Department of Genetics, Stanford University School of Medicine, Stanford, CA 94305, USA.
Biotechnol J. 2012 Nov;7(11):1332-6. doi: 10.1002/biot.201200283. Epub 2012 Oct 10.
Over the past decade, the integrase enzyme from phage phiC31 has proven to be a useful genome engineering tool in a wide variety of species, including mammalian cells. The enzyme efficiently mediates recombination between two distinct sequences, attP and attB, producing recombinant product sites, attL and attR. The reaction proceeds exclusively in a unidirectional manner, because integrase is unable to synapse attL and attR. To date, use of phiC31 integrase has been limited to attP × attB recombination. The factor needed for the reverse reaction--the excisionase or recombination directionality factor (RDF)--was identified recently and shown to function in vitro and in bacterial cells. To determine whether the phiC31 RDF could also function in mammalian cells, we cloned and tested several vectors that permit assessment of phiC31 RDF activity in mammalian environments. In the human and mouse cell lines tested (HeLa, HEK293, and NIH3T3), we observed robust RDF activity, using plasmid and/or genomic assays. This work is the first to demonstrate attL-attR serine integrase activity in mammalian cells and validates phiC31 RDF as a new tool that will enable future studies to take advantage of phiC31 integrase recombination in the forward or reverse direction.

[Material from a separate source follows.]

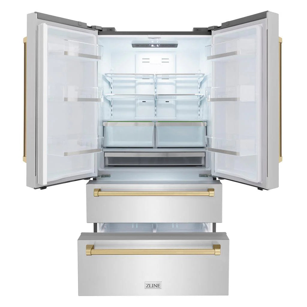 This ZLINE Autograph 36" 22.5 cu. ft Freestanding French Door Refrigerator, crafted in Lake Tahoe, USA, combines top-tier performance with classic design. This refrigerator is packed with innovative features to enhance your kitchen experience, making it the perfect blend of style and functionality.
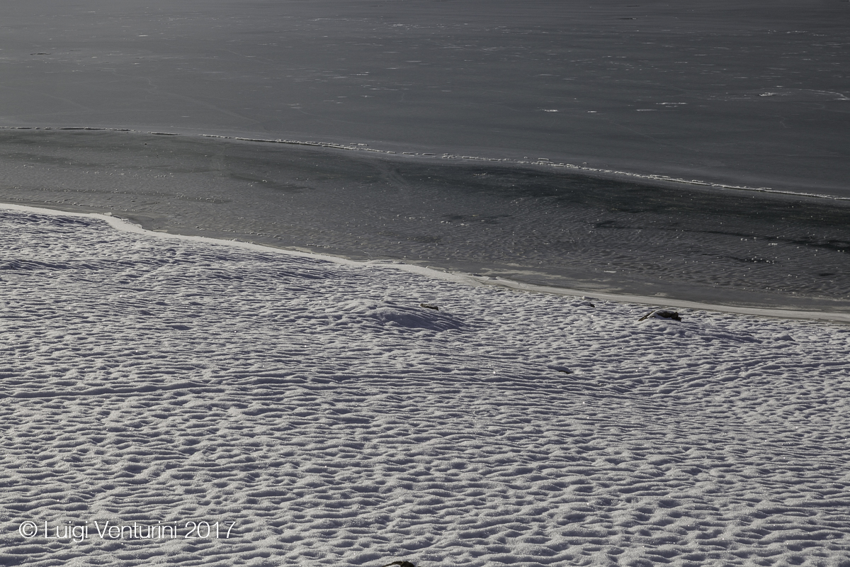Le linee elettriche ad alta tensione che affiancano il lago generano un crepitio fastidioso che dopo un po’ le nostre orecchie non sentono più, si abituano e l’ignorano, ma il ghiaccio emette suoni cupi a bassa frequenza che sentiamo quasi più con lo stomaco che con le orecchie.

在过去的十年中,噬菌体 phiC31 的整合酶已被证明是一种在包括哺乳动物细胞在内的多种物种中进行基因组工程的有用工具。该酶能有效地介导两个不同序列 attP 和 attB 之间的重组,产生重组产物位点 attL 和 attR。该反应只能以单向方式进行,因为整合酶无法形成 attL 和 attR 的联会。迄今为止,phiC31 整合酶的使用仅限于 attP×attB 重组。最近发现并证明了反向反应所需的因子——切除酶或重组方向性因子(RDF)——在体外和细菌细胞中起作用。为了确定 phiC31 RDF 是否也能在哺乳动物细胞中发挥作用,我们克隆并测试了几种载体,以评估哺乳动物环境中 phiC31 RDF 的活性。在我们测试的人类和小鼠细胞系(HeLa、HEK293 和 NIH3T3)中,我们使用质粒和/或基因组测定观察到了强大的 RDF 活性。这项工作首次证明了哺乳动物细胞中 attL-attR 丝氨酸整合酶的活性,并验证了 phiC31 RDF 是一种新工具,它将使未来的研究能够利用 phiC31 整合酶在正向或反向方向进行重组。